# [Dataset section]
──────────────────────────────
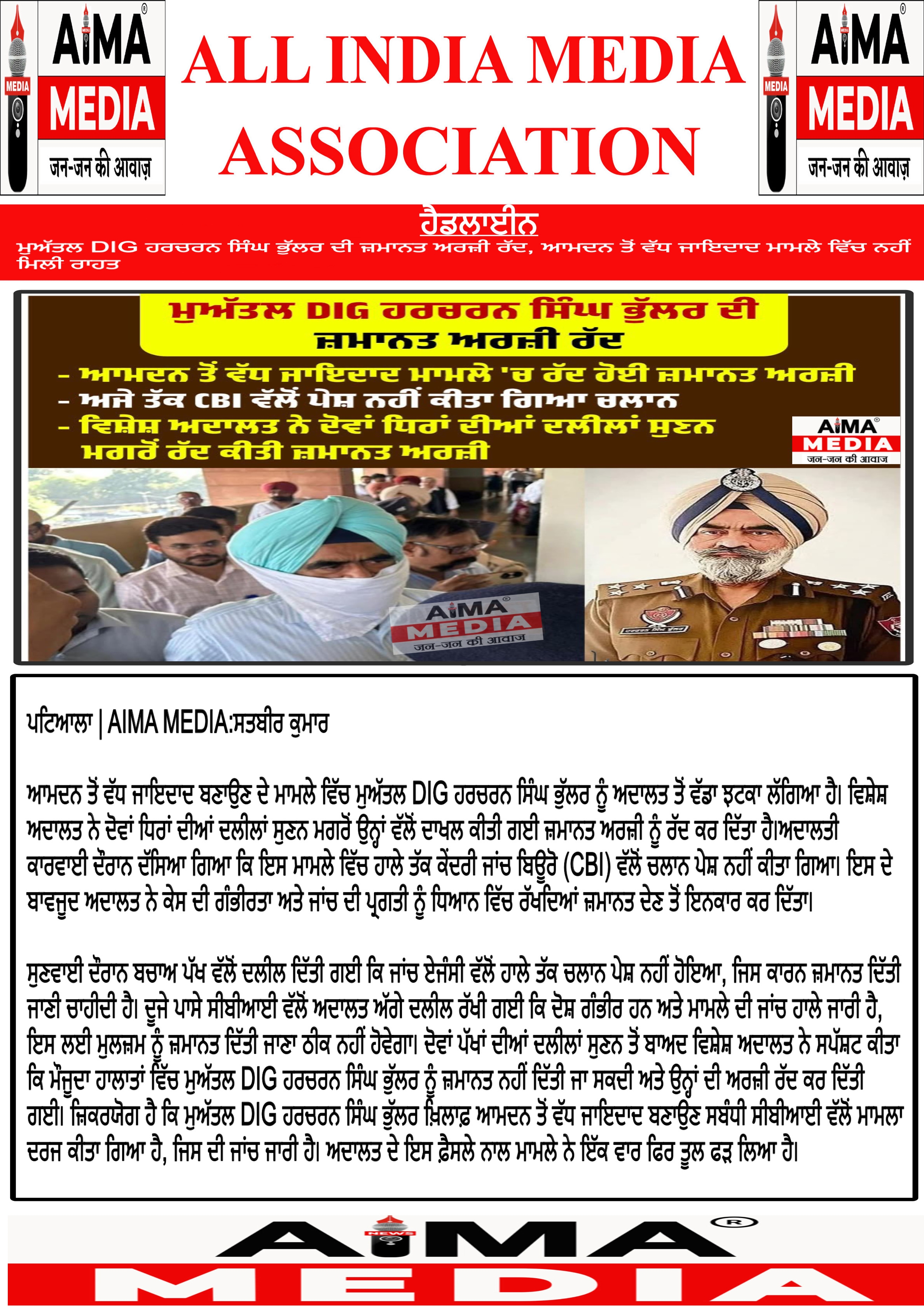 ਮੁਅੱਤਲ DIG ਹਰਚਰਨ ਸਿੰਘ ਭੁੱਲਰ ਦੀ ਜ਼ਮਾਨਤ ਅਰਜ਼ੀ ਰੱਦ, ਆਮਦਨ ਤੋਂ ਵੱਧ ਜਾਇਦਾਦ ਮਾਮਲੇ ਵਿੱਚ ਨਹੀਂ ਮਿਲੀ ਰਾਹਤ | #news @news @india #india
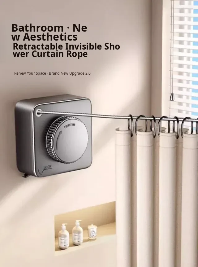 Invisible Shower Curtain Rope - No Drilling Needed, Indoor Use, Elastic Tension Rod for Bathroom, Balcony Steel Wire Clothes Drying Solution, Perfect for a Neat and Stylish Home!
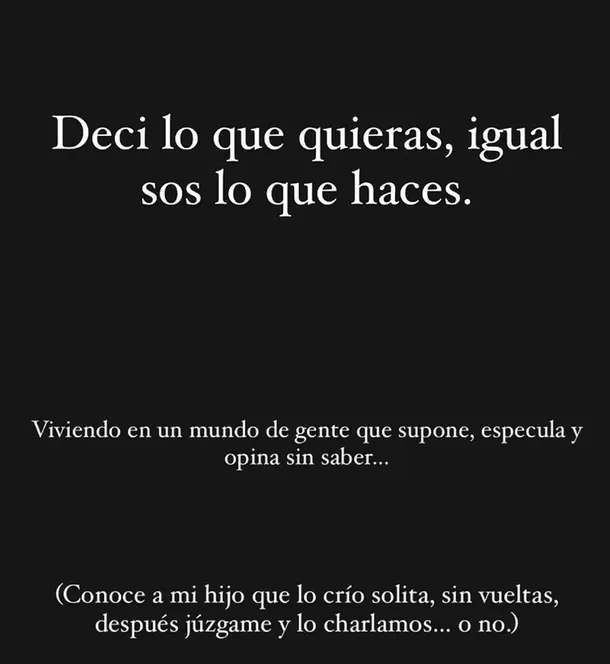 Sin revelar más detalles de a quién va dirigido el descargo, la hija de Claudia Villafañe cerró: “Conocé a mi hijo que lo crío sin vueltas, después juzgame y lo charlamos, o no...”.
──────────────────────────────
# [What you need to do]
Copy out the whole listing exactly, and don't carry over any pictures.

# [Reply]
 ਮੁਅੱਤਲ DIG ਹਰਚਰਨ ਸਿੰਘ ਭੁੱਲਰ ਦੀ ਜ਼ਮਾਨਤ ਅਰਜ਼ੀ ਰੱਦ, ਆਮਦਨ ਤੋਂ ਵੱਧ ਜਾਇਦਾਦ ਮਾਮਲੇ ਵਿੱਚ ਨਹੀਂ ਮਿਲੀ ਰਾਹਤ | #news @news @india #india
 Invisible Shower Curtain Rope - No Drilling Needed, Indoor Use, Elastic Tension Rod for Bathroom, Balcony Steel Wire Clothes Drying Solution, Perfect for a Neat and Stylish Home!
 Sin revelar más detalles de a quién va dirigido el descargo, la hija de Claudia Villafañe cerró: “Conocé a mi hijo que lo crío sin vueltas, después juzgame y lo charlamos, o no...”.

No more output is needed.